## [What is needed]
Write every line below out again exactly, images omitted.

## [Extracted entries]
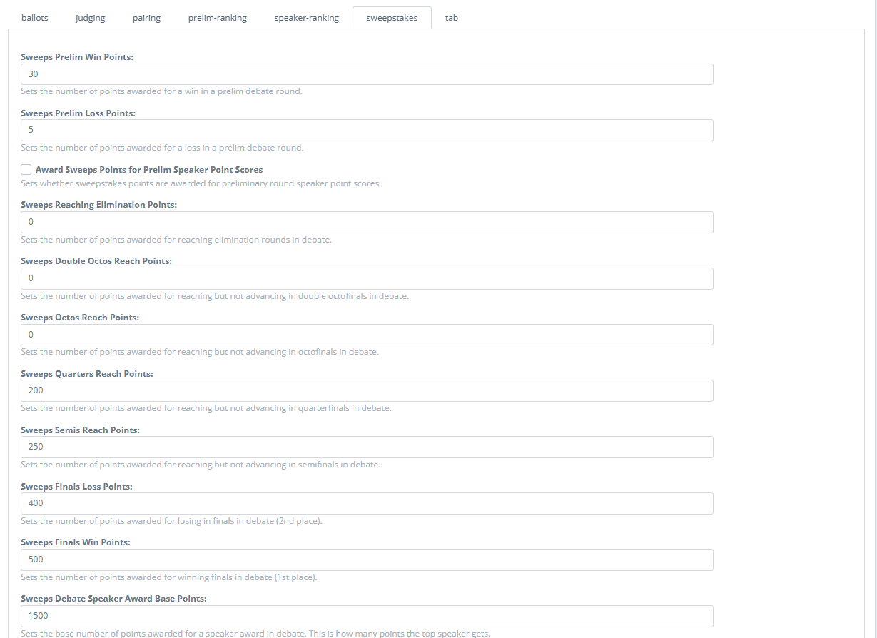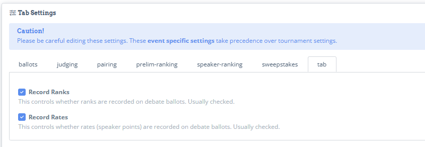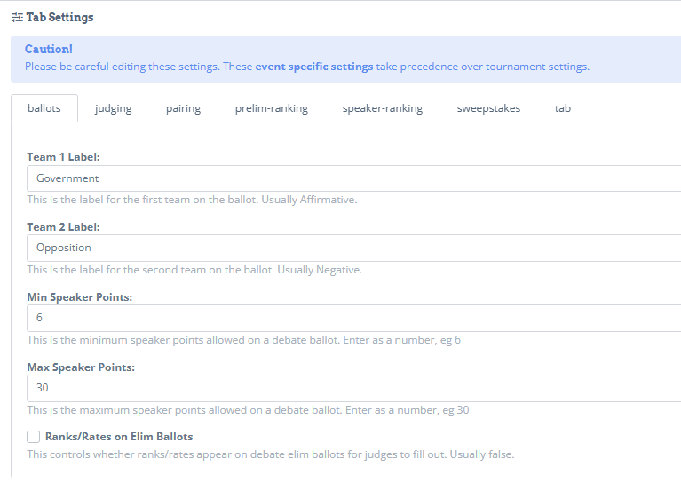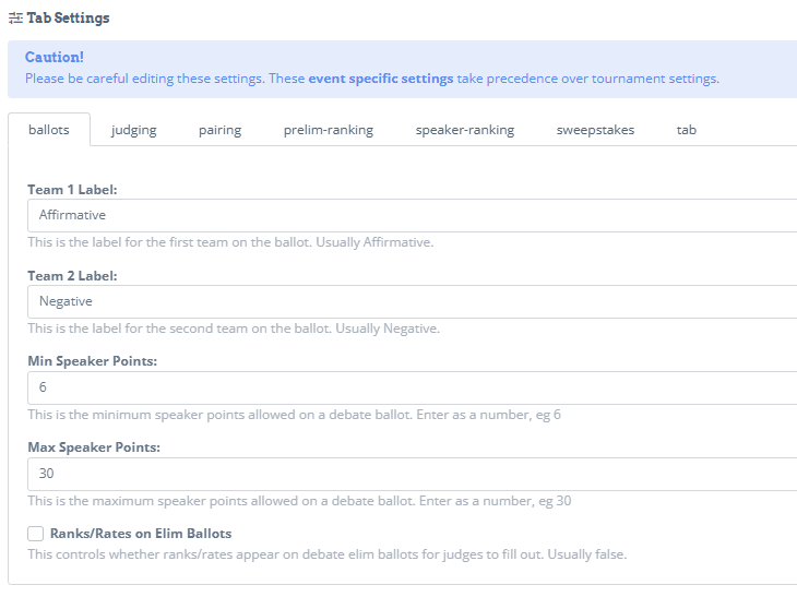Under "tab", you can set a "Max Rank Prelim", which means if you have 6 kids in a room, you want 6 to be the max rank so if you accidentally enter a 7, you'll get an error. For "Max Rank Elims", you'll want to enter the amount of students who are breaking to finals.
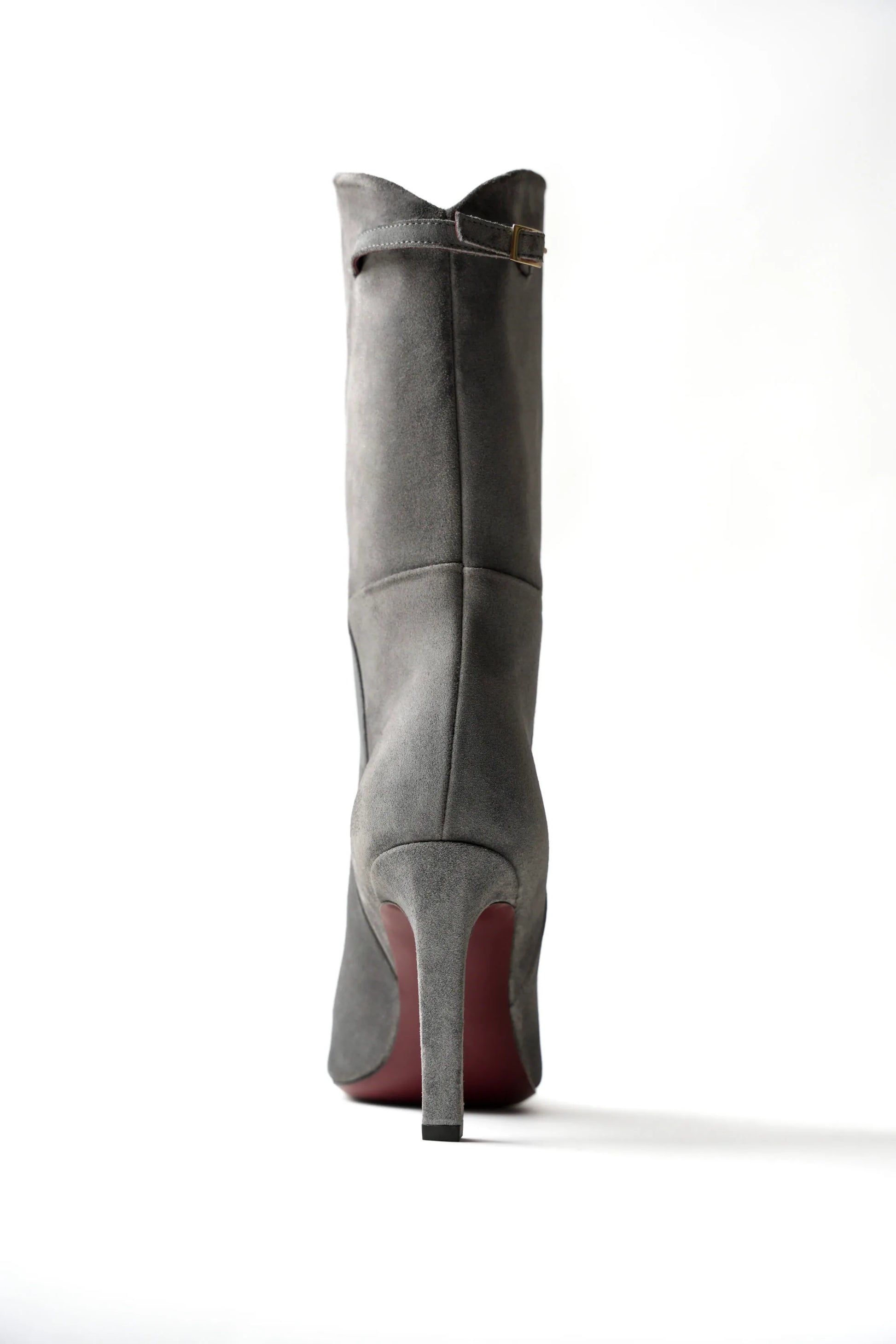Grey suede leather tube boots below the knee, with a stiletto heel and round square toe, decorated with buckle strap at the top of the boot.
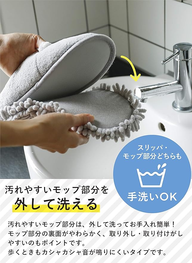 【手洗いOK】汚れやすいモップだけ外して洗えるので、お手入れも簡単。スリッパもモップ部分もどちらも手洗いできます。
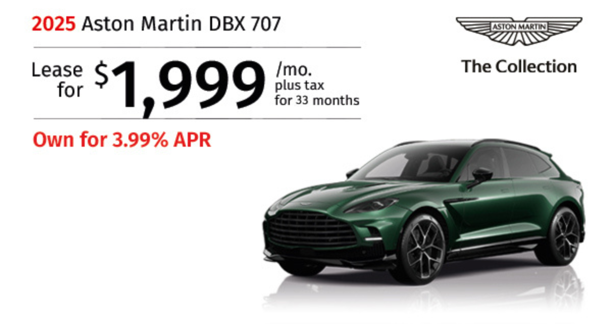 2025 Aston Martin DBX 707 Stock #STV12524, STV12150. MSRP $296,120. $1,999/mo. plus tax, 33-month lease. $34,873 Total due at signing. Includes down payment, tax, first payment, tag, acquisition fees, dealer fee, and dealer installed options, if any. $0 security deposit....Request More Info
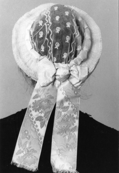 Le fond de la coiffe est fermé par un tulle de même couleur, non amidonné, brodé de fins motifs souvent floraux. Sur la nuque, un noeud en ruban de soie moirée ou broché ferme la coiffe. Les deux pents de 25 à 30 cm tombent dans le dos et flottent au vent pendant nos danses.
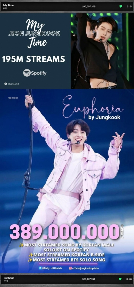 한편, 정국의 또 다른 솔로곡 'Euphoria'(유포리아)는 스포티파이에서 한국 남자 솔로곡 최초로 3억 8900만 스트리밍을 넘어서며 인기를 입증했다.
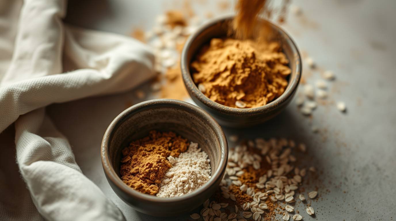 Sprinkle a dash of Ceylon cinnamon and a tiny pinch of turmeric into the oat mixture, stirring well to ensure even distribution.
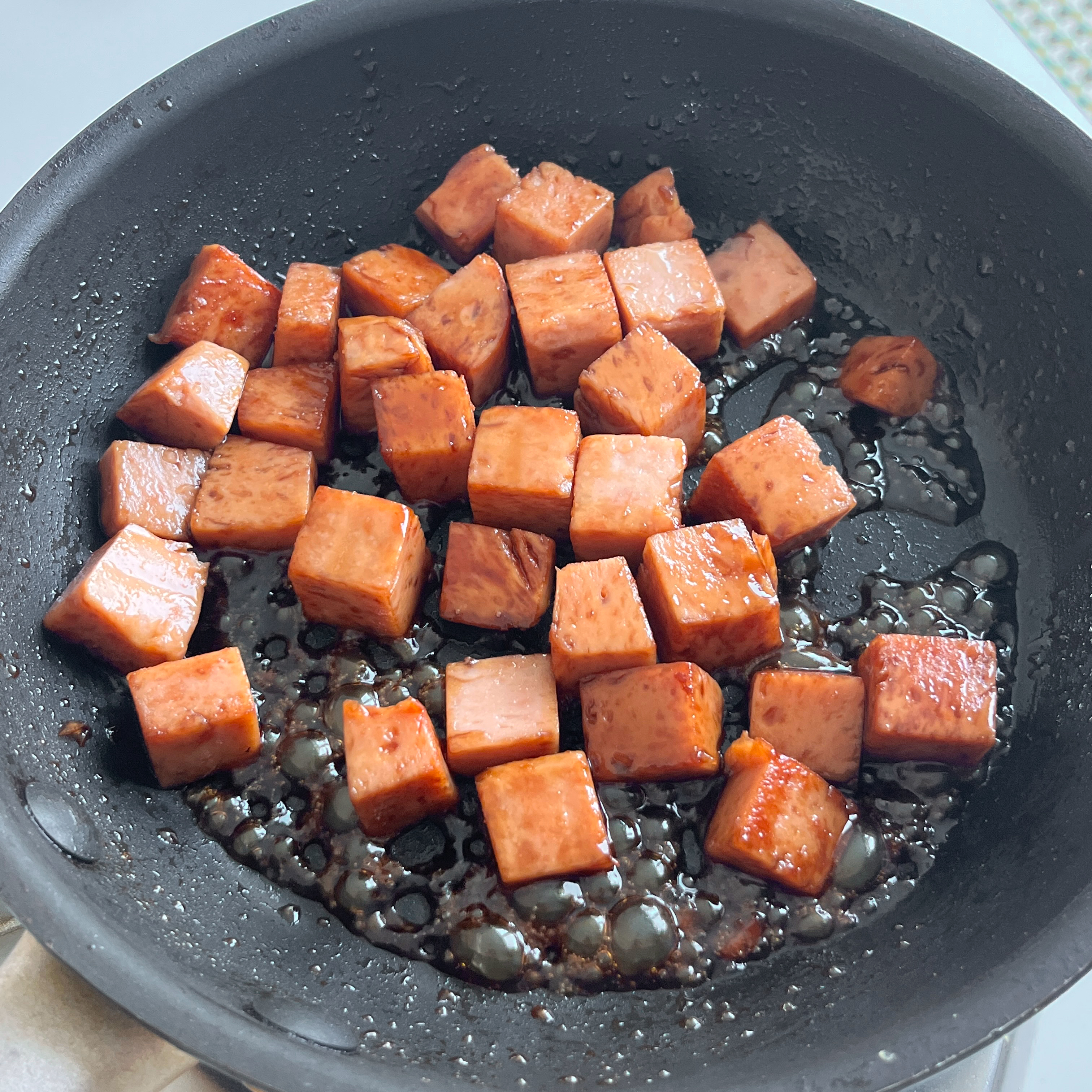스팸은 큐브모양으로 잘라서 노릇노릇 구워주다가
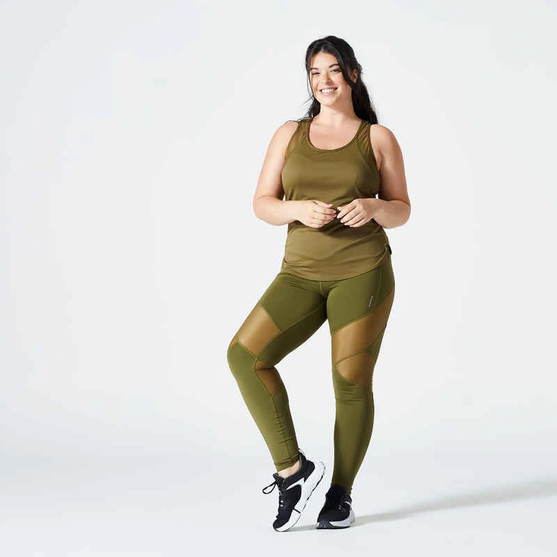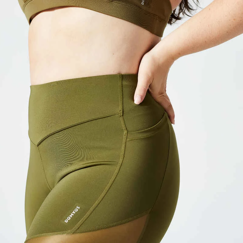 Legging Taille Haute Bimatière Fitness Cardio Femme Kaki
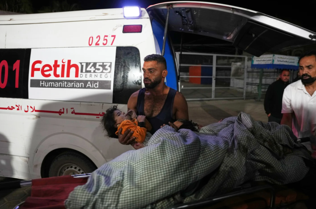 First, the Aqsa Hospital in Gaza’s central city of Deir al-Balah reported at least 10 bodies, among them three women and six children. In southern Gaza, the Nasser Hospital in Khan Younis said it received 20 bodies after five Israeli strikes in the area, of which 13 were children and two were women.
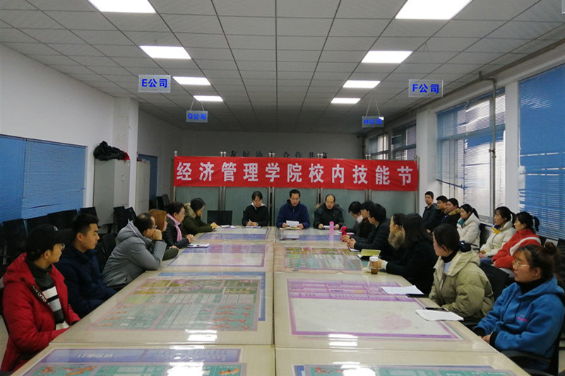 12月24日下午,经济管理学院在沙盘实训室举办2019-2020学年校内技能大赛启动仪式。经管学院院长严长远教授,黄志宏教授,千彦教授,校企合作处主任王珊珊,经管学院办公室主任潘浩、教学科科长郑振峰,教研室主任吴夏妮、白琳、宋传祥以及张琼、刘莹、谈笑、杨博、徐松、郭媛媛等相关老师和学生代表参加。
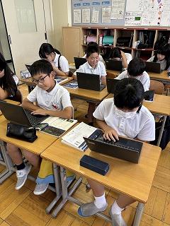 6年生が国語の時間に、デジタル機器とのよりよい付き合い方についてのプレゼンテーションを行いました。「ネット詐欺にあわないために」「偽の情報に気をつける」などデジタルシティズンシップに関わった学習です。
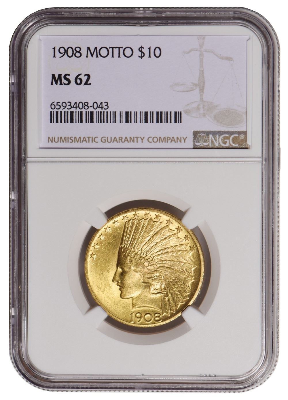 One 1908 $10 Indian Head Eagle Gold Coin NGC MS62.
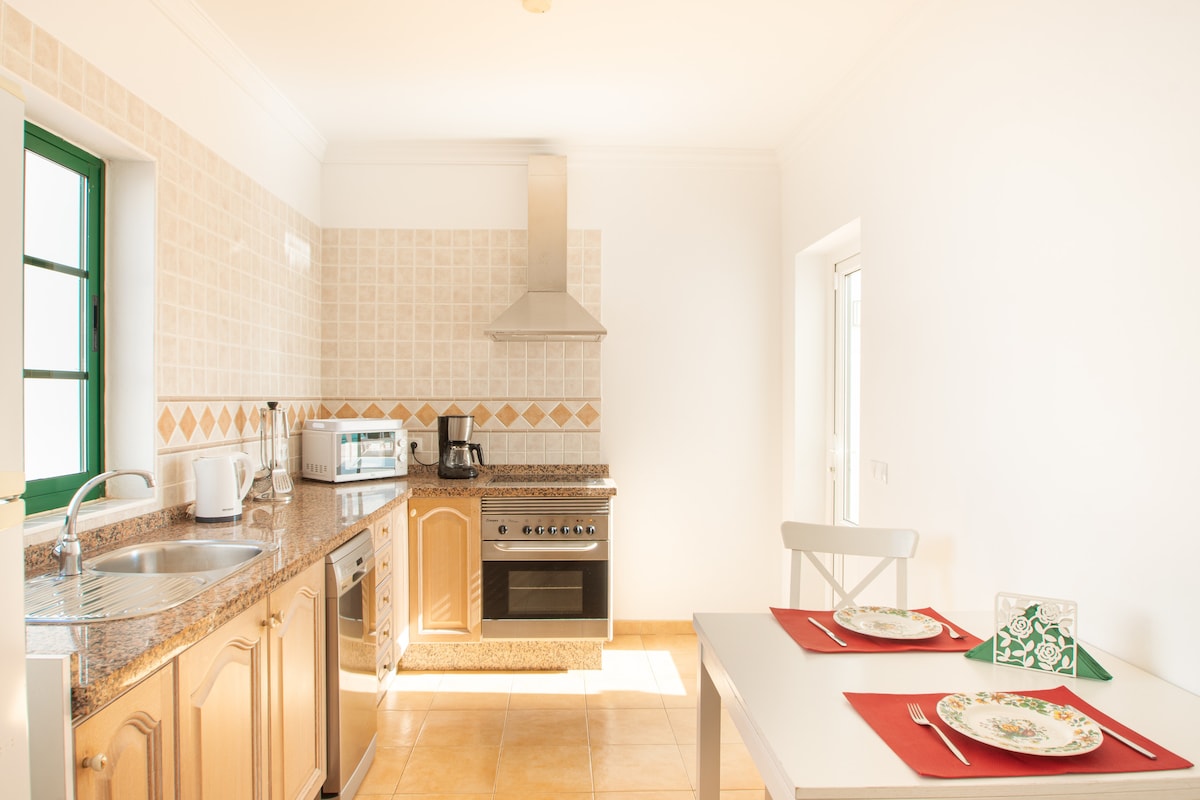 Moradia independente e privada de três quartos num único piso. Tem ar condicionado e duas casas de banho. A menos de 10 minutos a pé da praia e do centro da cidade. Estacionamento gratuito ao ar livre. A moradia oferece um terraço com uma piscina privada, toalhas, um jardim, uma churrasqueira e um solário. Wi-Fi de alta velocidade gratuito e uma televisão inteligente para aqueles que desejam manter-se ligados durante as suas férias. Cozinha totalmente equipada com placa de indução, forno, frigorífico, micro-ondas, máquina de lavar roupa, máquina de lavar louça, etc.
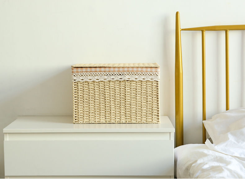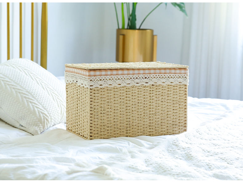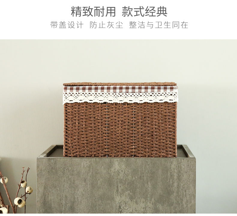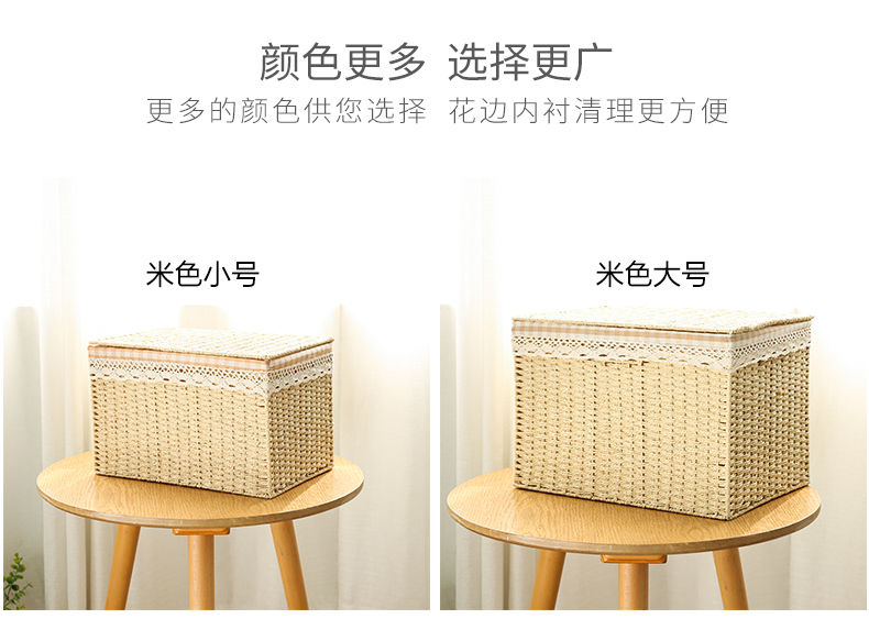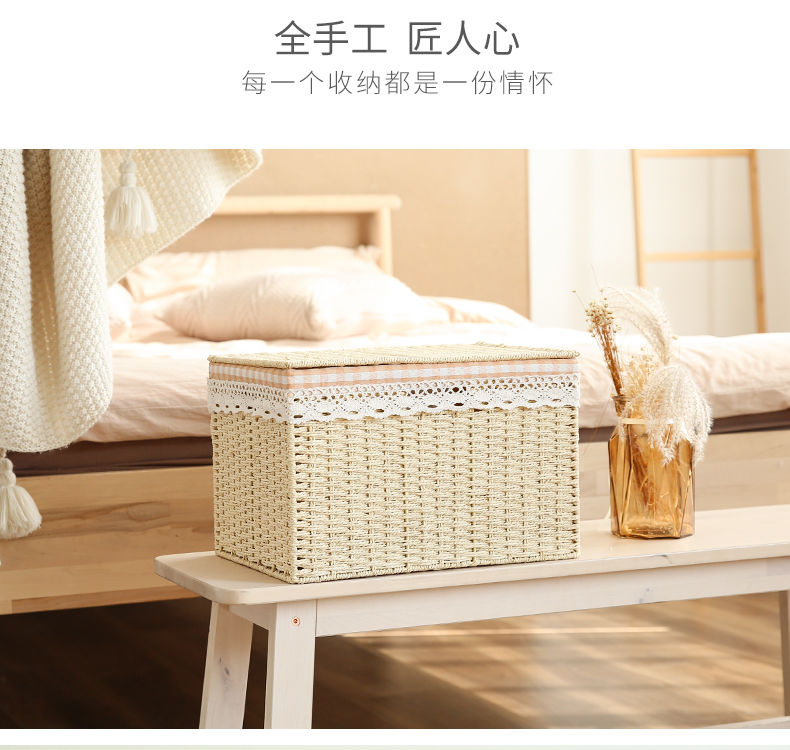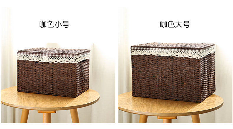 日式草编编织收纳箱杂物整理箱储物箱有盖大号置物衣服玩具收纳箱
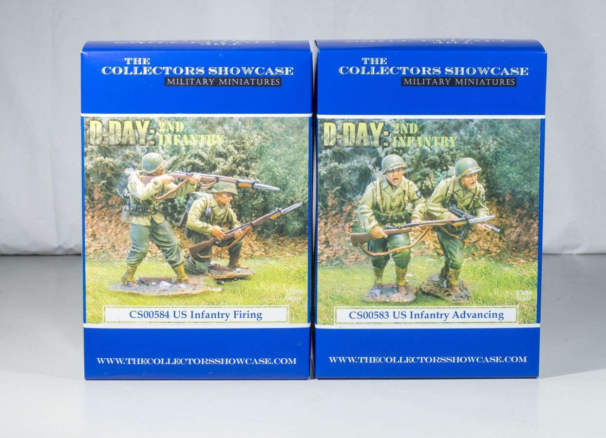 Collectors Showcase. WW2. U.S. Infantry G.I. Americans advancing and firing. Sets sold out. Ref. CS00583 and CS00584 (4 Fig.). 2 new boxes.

## [Output of the task]
Under "tab", you can set a "Max Rank Prelim", which means if you have 6 kids in a room, you want 6 to be the max rank so if you accidentally enter a 7, you'll get an error. For "Max Rank Elims", you'll want to enter the amount of students who are breaking to finals.
Grey suede leather tube boots below the knee, with a stiletto heel and round square toe, decorated with buckle strap at the top of the boot.
 【手洗いOK】汚れやすいモップだけ外して洗えるので、お手入れも簡単。スリッパもモップ部分もどちらも手洗いできます。
 2025 Aston Martin DBX 707 Stock #STV12524, STV12150. MSRP $296,120. $1,999/mo. plus tax, 33-month lease. $34,873 Total due at signing. Includes down payment, tax, first payment, tag, acquisition fees, dealer fee, and dealer installed options, if any. $0 security deposit....Request More Info
 Le fond de la coiffe est fermé par un tulle de même couleur, non amidonné, brodé de fins motifs souvent floraux. Sur la nuque, un noeud en ruban de soie moirée ou broché ferme la coiffe. Les deux pents de 25 à 30 cm tombent dans le dos et flottent au vent pendant nos danses.
 한편, 정국의 또 다른 솔로곡 'Euphoria'(유포리아)는 스포티파이에서 한국 남자 솔로곡 최초로 3억 8900만 스트리밍을 넘어서며 인기를 입증했다.
 Sprinkle a dash of Ceylon cinnamon and a tiny pinch of turmeric into the oat mixture, stirring well to ensure even distribution.
스팸은 큐브모양으로 잘라서 노릇노릇 구워주다가
 Legging Taille Haute Bimatière Fitness Cardio Femme Kaki
 First, the Aqsa Hospital in Gaza’s central city of Deir al-Balah reported at least 10 bodies, among them three women and six children. In southern Gaza, the Nasser Hospital in Khan Younis said it received 20 bodies after five Israeli strikes in the area, of which 13 were children and two were women.
 12月24日下午,经济管理学院在沙盘实训室举办2019-2020学年校内技能大赛启动仪式。经管学院院长严长远教授,黄志宏教授,千彦教授,校企合作处主任王珊珊,经管学院办公室主任潘浩、教学科科长郑振峰,教研室主任吴夏妮、白琳、宋传祥以及张琼、刘莹、谈笑、杨博、徐松、郭媛媛等相关老师和学生代表参加。
 6年生が国語の時間に、デジタル機器とのよりよい付き合い方についてのプレゼンテーションを行いました。「ネット詐欺にあわないために」「偽の情報に気をつける」などデジタルシティズンシップに関わった学習です。
 One 1908 $10 Indian Head Eagle Gold Coin NGC MS62.
 Moradia independente e privada de três quartos num único piso. Tem ar condicionado e duas casas de banho. A menos de 10 minutos a pé da praia e do centro da cidade. Estacionamento gratuito ao ar livre. A moradia oferece um terraço com uma piscina privada, toalhas, um jardim, uma churrasqueira e um solário. Wi-Fi de alta velocidade gratuito e uma televisão inteligente para aqueles que desejam manter-se ligados durante as suas férias. Cozinha totalmente equipada com placa de indução, forno, frigorífico, micro-ondas, máquina de lavar roupa, máquina de lavar louça, etc.
 日式草编编织收纳箱杂物整理箱储物箱有盖大号置物衣服玩具收纳箱
 Collectors Showcase. WW2. U.S. Infantry G.I. Americans advancing and firing. Sets sold out. Ref. CS00583 and CS00584 (4 Fig.). 2 new boxes.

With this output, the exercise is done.